In 1986, Kazumitsu Ueda, a Japanese cell biochemist, discovered that a Protein called ABCB1 can transport a variety of chemotherapy drugs from some cancer cells, making them resistant to treatment. How it did this has been a mystery for the past 35 years. Now, Ueda and its team published a review article entitled “ABCB1 / mdr1 / P-GP employees an ATP-dependent twist- and -squeeze mechanism to export hydrophobic drugs” in FEBS letters, summarizing their experience after years of research on this and other ATP binding cassette (ABC) transporters. Ueda is now working in the Institute of cell materials science, Kyoto University, Japan.

ABC transporters are very similar in different species and have various transport functions: importing nutrients into cells, exporting toxic compounds out of cells, and regulating lipid concentration in the cell membrane.

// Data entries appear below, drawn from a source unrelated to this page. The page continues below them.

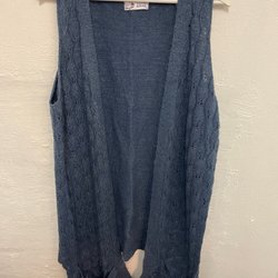 Mörkblå jeansväst med knäppning framtill och två fickor. Perfekt för att skapa en avslappnad men stilfull look.
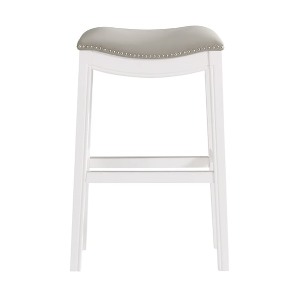 Add a touch of style to your home with this classic stool. The legs are made from rubberwood for extra durability. The backless saddle seat is lined with nail head trim, while cushioned padding provides extra support when you need it most. Stretcher bars between the legs provide stability and comfort, and a metal kick plate protects the footrest from wear. This piece of furniture will put the finishing touch on your bar, kitchen island or tall bistro table.
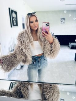 Przepiękne futerko lama w stylowym i ponadczasowym wydaniu . Subtelny odcień beżu wspaniale wpasuje się w jesienne trendy. Model który zapewni Ci ciepło , wygodę oraz komfort . Zapinany na haftkę . Miekkie futerko które w tym sezonie zaprezentuje się naprawdę modnie i efektownie . Wyróżnia się długim gęstym i bardzo przyjemnym włosiem . Z pewnością zrobi ogromne wrażenie do każdej jesiennej stylizacji !
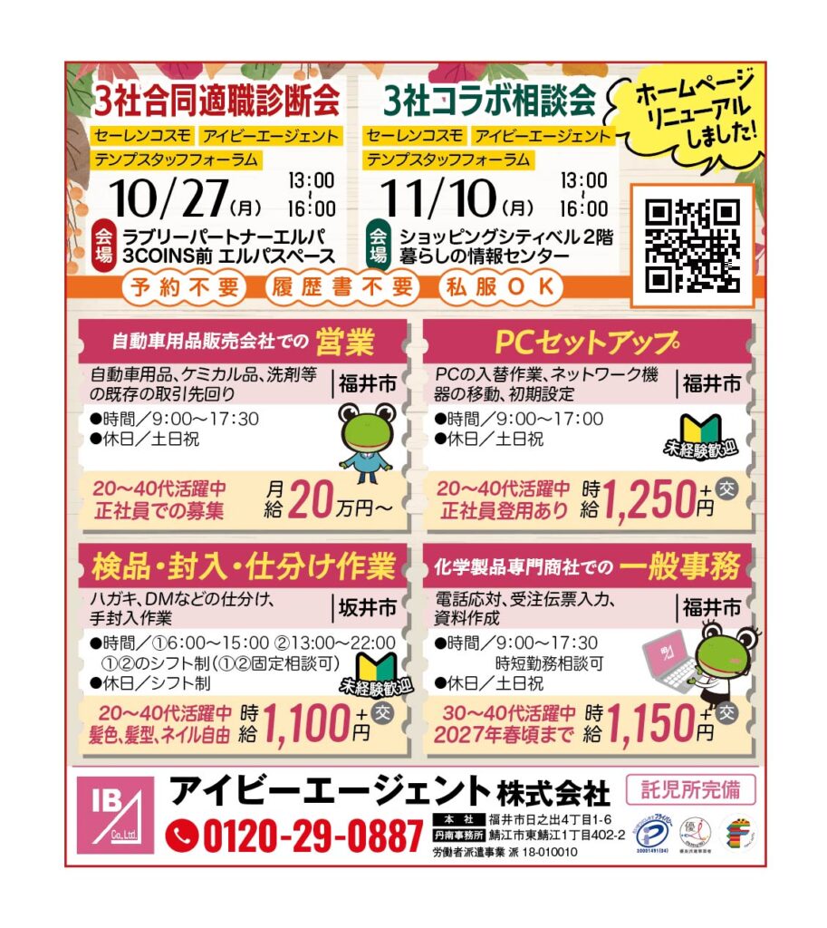 人気の派遣会社が3社コラボ!(セーレンコスモ、テンプスタッフフォーラム、アイビーエージェント)
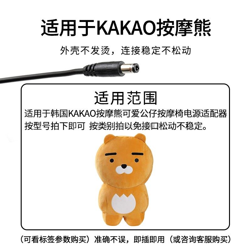 适用韩国KAKAO按摩熊可爱公仔按摩椅电源线12V甩脂机抱枕腰带按摩枕办公椅12v2a充电器
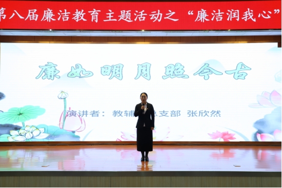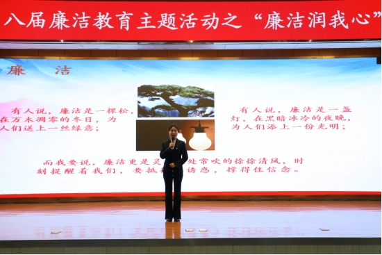 为深入学习贯彻习近平总书记关于加强新时代廉洁文化建设的重要论述,加强学校新时代廉洁文化建设,不断夯实学校“纪委防护”工程,助力“复兴号”党建品牌建设,积极引导广大干部、师生树立正确的廉洁观念,形成廉荣贪耻的校园氛围。11月22日,学校在图书馆报告厅举办“廉洁润我心”第三届讲述廉洁故事比赛。党委书记陈煜平,党委副书记苏建国,纪委书记、监察专员孙艳玲,副校长马卫强、李原福,党委委员、纪委委员、专兼职纪检监察干部、副科级以上干部、教师代表、学生代表共同观看了比赛。

ABCB1 is one of these proteins. In the brain, testis, placenta, and other important organs, it is responsible for transporting toxic compounds to the outside of cells. But sometimes, it also transports chemotherapeutic drugs from cancer cells, making them resistant to treatment. The protein spans the cell membrane, reaching into the cell at one end and into the surrounding space at the other. Although scientists have known its function and structure for many years, how it works is still unclear.

Ueda and his team crystallize ABCB1 before and after it transports a compound. They then conducted X-ray tests to determine the difference between the two structures. They also analyzed ABCB1 fused with a fluorescent protein to monitor conformational changes during transport.

They found that compounds destined to be exported to the outside of the cell enter the cavity of the protein through a gate located in the part of ABCB1 in the cell membrane. The compound stays at the top of the cavity, where it attaches to it, triggering structural changes in the protein. This change requires energy, which comes from adenosine triphosphate (ATP). When magnesium ion combines with ATP, the part of ABCB1 in the cell will tightly self-pack and tilt, causing its cavity to contract and then close. This opens up the export of this protein. ATP is also involved in the gradual hardening of ABCB1 from the bottom to the top, leading to twisting and squeezing movements that expel the compound into extracellular space.

“This mechanism is different from that of other transporters,” Ueda said, “We hope that our research work can promote the study of other ABC proteins, such as those involved in cholesterol homeostasis”.

Reference

1. Atsushi Kodan et al. ABCB1/MDR1/P-gp employs an ATP-dependent twist-and-squeeze mechanism to export hydrophobic drugs. FEBS Letters, 2020, doi:10.1002/1873-3468.14018.